Metallurgical Abstracts on Light Metals and Alloys vol. 58
Atomistic simulation of Guinier–Preston zone nucleation kinetics in Al–Cu alloys: A neural network-driven kinetic Monte Carlo approach
Heting Liao1,2, Jun-Ping Du1, Hajime Kimizuka3 and Shigenobu Ogata1
1 Department of Mechanical Science and Bioengineering, Osaka University
2 Research Center for Structural Materials, National Institute for Materials Science
3 Department of Materials Design Innovation Engineering, Nagoya University
[Published in Computational Materials Science, Vol. 251 (2025), pp. 113771-1-7]
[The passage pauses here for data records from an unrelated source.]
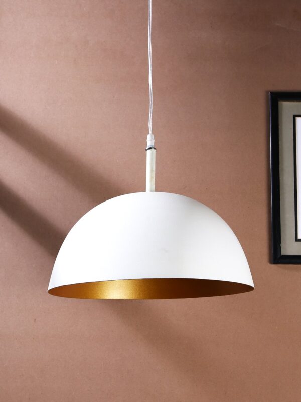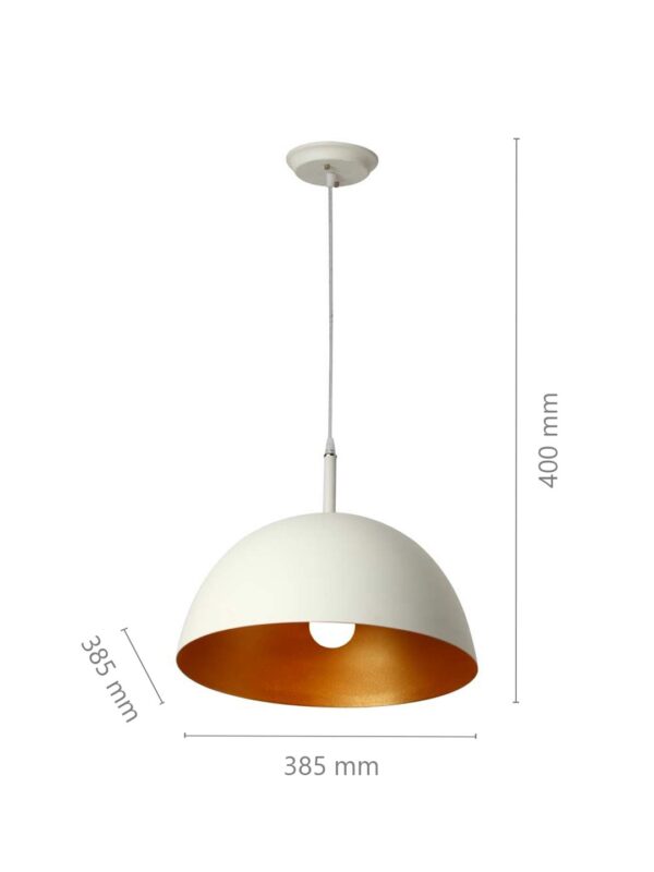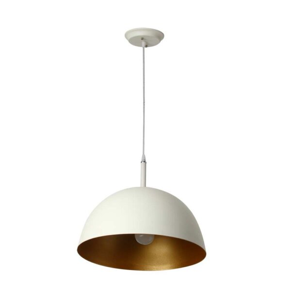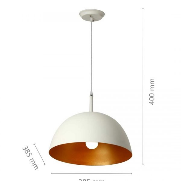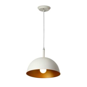 Powder coated white – gold finish, modern aluminium single hanging light. The suspension can be adjusted at time of installation to the desired height. It is maintenance free, comes with an E27 holder, only the change of lamp is required, which is available locally everywhere. Looks amazing with LED filament lamp. matching small size code – HL3805. Codes of other color variations in the same design – HL3814, HL3815, HL3816, HL3818, HL3819, HL3820, HL3821, HL3822, HL3823, HL3824, HL3882, hl3884. Also available in small size with codes – HL3798, HL3799, HL3800, HL3801, HL3802, HL3803, HL3804, HL3805, HL3806, HL3807, HL3808, HL3809, HL3810, HL3811. Application includes both residential and commercial premises wherever it matches with your interiors. Can be customized as per requirement in case of bulk quantities. Lamp not included.
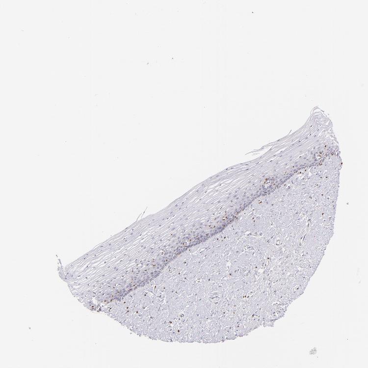 Antibody staining in the annotated cell types in the current human tissue is reported as not detected, low, medium, or high, based on conventional immunohistochemistry profiling in selected tissues. This score is based on the combination of the staining intensity and fraction of stained cells.
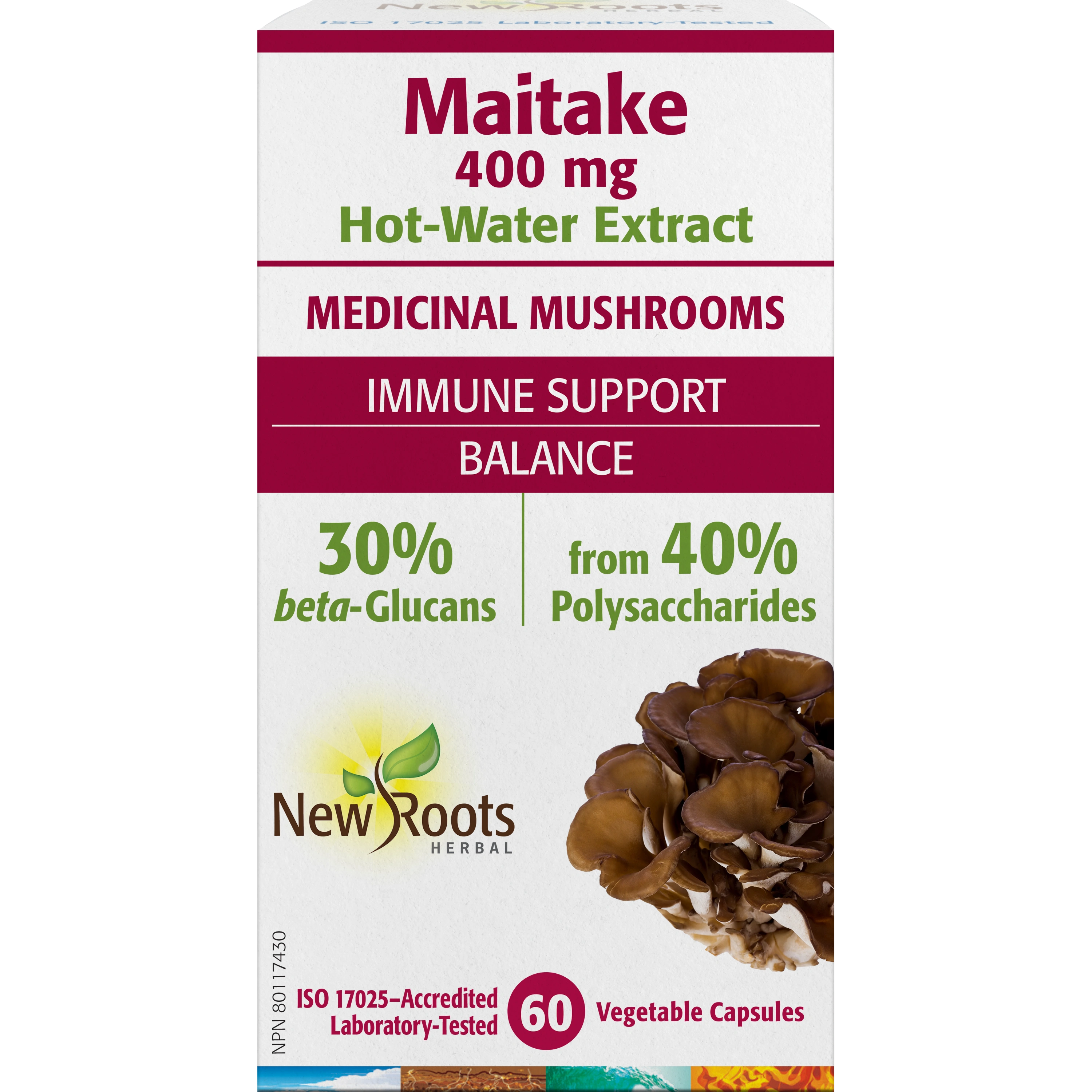 New Roots Herbal’s Maitake (Grifola frondosa) is a hot water–extracted medicinal mushroom formula standardized to contain 40% polysaccharides (400 mg per capsule). Hot-water extraction is critical in obtaining a high-quality and effective mushroom product, and is the traditional Asian method of extraction. In the whole mushroom, polysaccharides are bound by indigestible cell walls comprised of chitin; chitin must be dissolved through hot water in order to gently release the medicinal components, the mushroom polysaccharides. Conversely, grinding the mushroom may cause damage to the long-chain polysaccharides and fails to remove the indigestible chitin (fibre), limiting the amount of therapeutic constituents that can be fit per capsule. Standardization ensures that the final product contains a consistent amount of polysaccharides to allow delivery of a therapeutic dose.
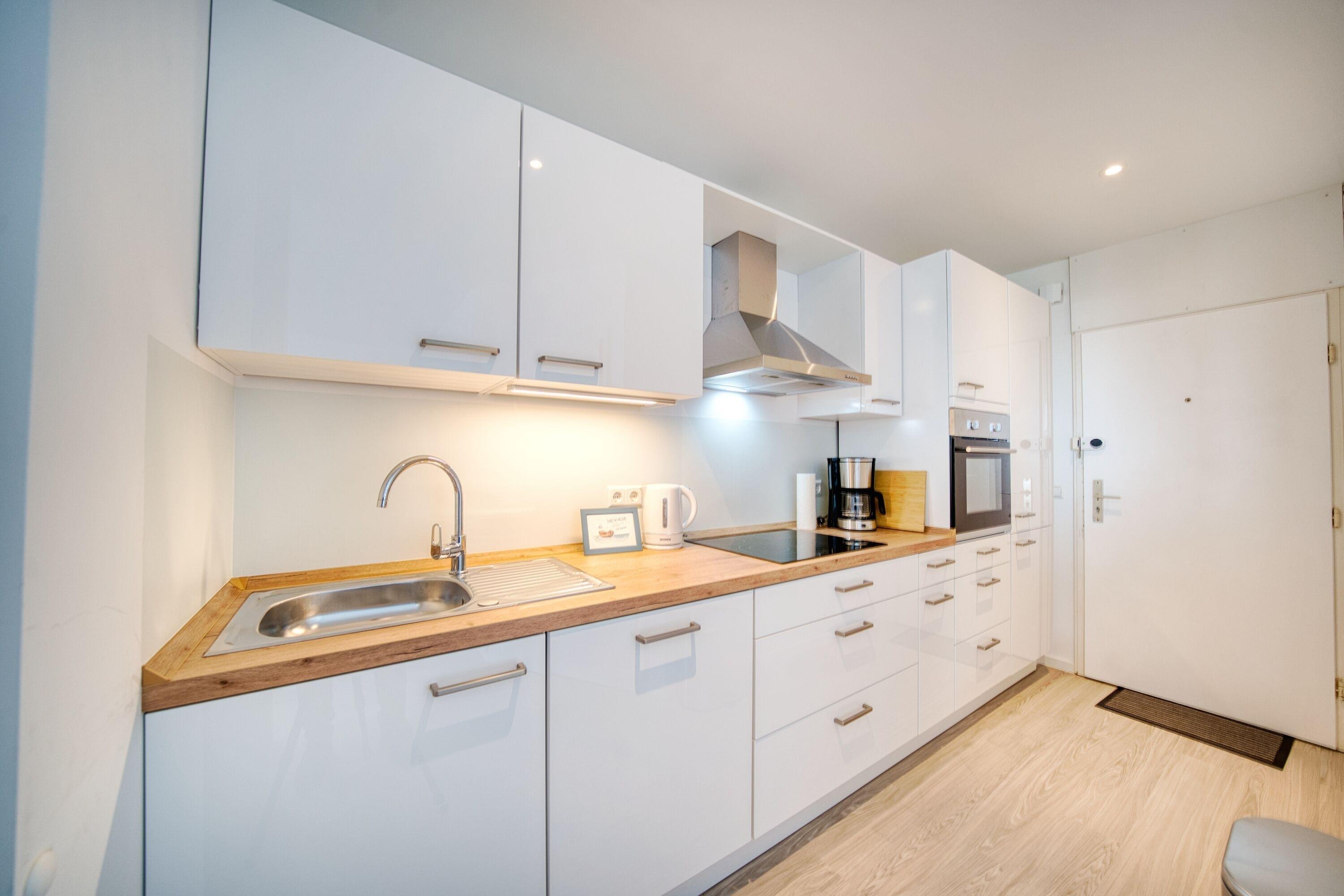 Die hochwertige Küche ist bestens ausgestattet mit Spülmaschine, Backofen, Ceranfeld, Kühlschrank mit Gefrierfach und Kaffeemaschine – hier können Sie Ihre Lieblingsgerichte zubereiten. Das moderne Badezimmer bietet eine großzügige Dusche und neuwertige Ausstattung.

https://doi.org/10.1016/j.commatsci.2025.113771
E-mail: kimizuka[at]nagoya-u.jp
Key Words: Precipitation kinetics, Guinier–Preston zones, Aluminum alloys, Neural network, Atomistic simulation
The kinetic Monte Carlo (kMC) method is employed to simulate time-dependent precipitation nucleation via vacancy jumps during alloy aging. Unlike pure metals, the activation energy for vacancy jumps in alloy systems depends on the local chemical structure, and needs to be recalculated at each kMC step. Traditionally, approximated activation energies derived from that of pure metal and the energy difference before and after the vacancy jump are used, however, they lack quantitative reliability. This study developed a neural network (NN) for face-centered cubic Al–Cu alloys to predict activation barriers based on local chemical structures, significantly accelerating barrier estimation compared to on-the-fly nudged elastic band analyses. NN-based kMC simulations revealed single-layer and double-layer Guinier-Preston (GP) zone formation in Al–2.0 at%Cu alloys. The incubation times of GP zones at 300 and 350 K were quantitatively determined, showing good agreement with experimental observations.
Neural network-based kinetic Monte Carlo simulations for GP-zone nucleation in Al–Cu alloys and the corresponding time-temperature-transformation diagram.